Ed. Frassinelli, trad. Elena
Loewenthal, pagg. 403, Euro 17,50
Meir Shalev ha ritrovato la penna felice dei suoi libri più belli, nel
nuovo romanzo “Il ragazzo e la colomba”. La capacità affabulatoria che ci incanta,
tanto più che c’è una maggiore semplicità in questo libro, un minor numero di
storie che si srotolano l’una dall’altra. Quella sorta di realismo magico in
versione israeliana che è, a volte, pura poesia, come un guardare il mondo con
occhi lavati dall’innocenza.
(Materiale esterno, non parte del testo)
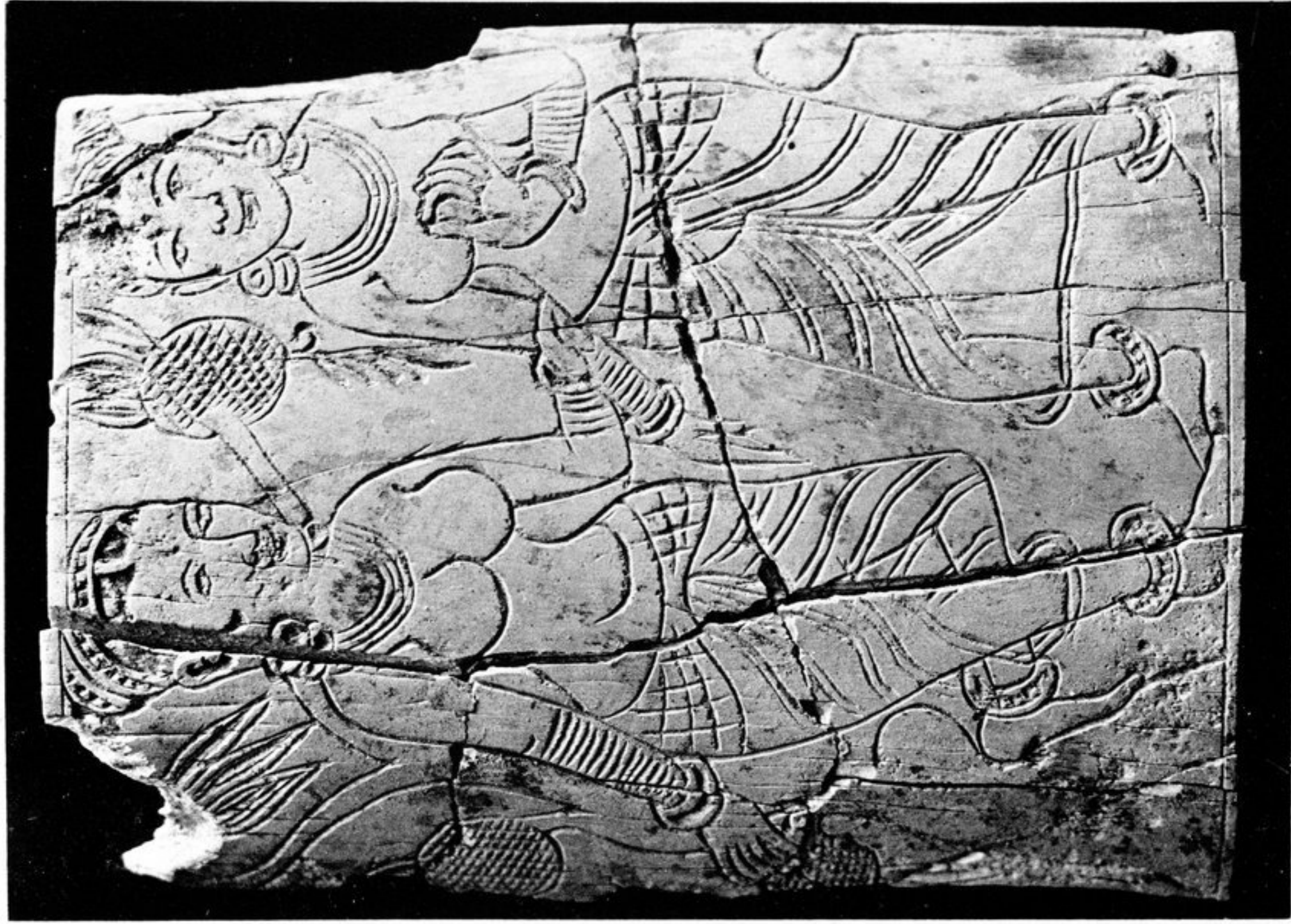
Fig. 107. — N° 316 [170]

E non ci pesa affatto se, a volte, lo scrittore ci
chiede la sospensione dell’incredulità, perché quello che dice è bello, sarebbe
bellissimo se fosse possibile, e perché no, in fin dei conti, se questo può
alleviare la nostra vita.
Sono due le storie che Meir Shalev ci
racconta, e quanto l’una, quella che si svolge nel passato, abbia un
significato per l’altra, che si svolge nel presente, lo sapremo alla fine,
anche se sospettiamo qualcosa- non tutto, non quel tocco di straordinario in
più- fin dall’inizio. E siccome entrambe le storie ci parlano d’amore, siccome
c’è un’affinità nella diversità tra i personaggi di ieri e quelli di oggi, ci
sembra spesso di leggere un’unica splendida storia sotto il simbolo della
colomba, uccello di pace in un paese da sempre in guerra, “l’Ulisse degli
uccelli” che conosce solo la direzione verso casa- come l’intero popolo di
Israele, ritornato ‘a casa’ dalla diaspora.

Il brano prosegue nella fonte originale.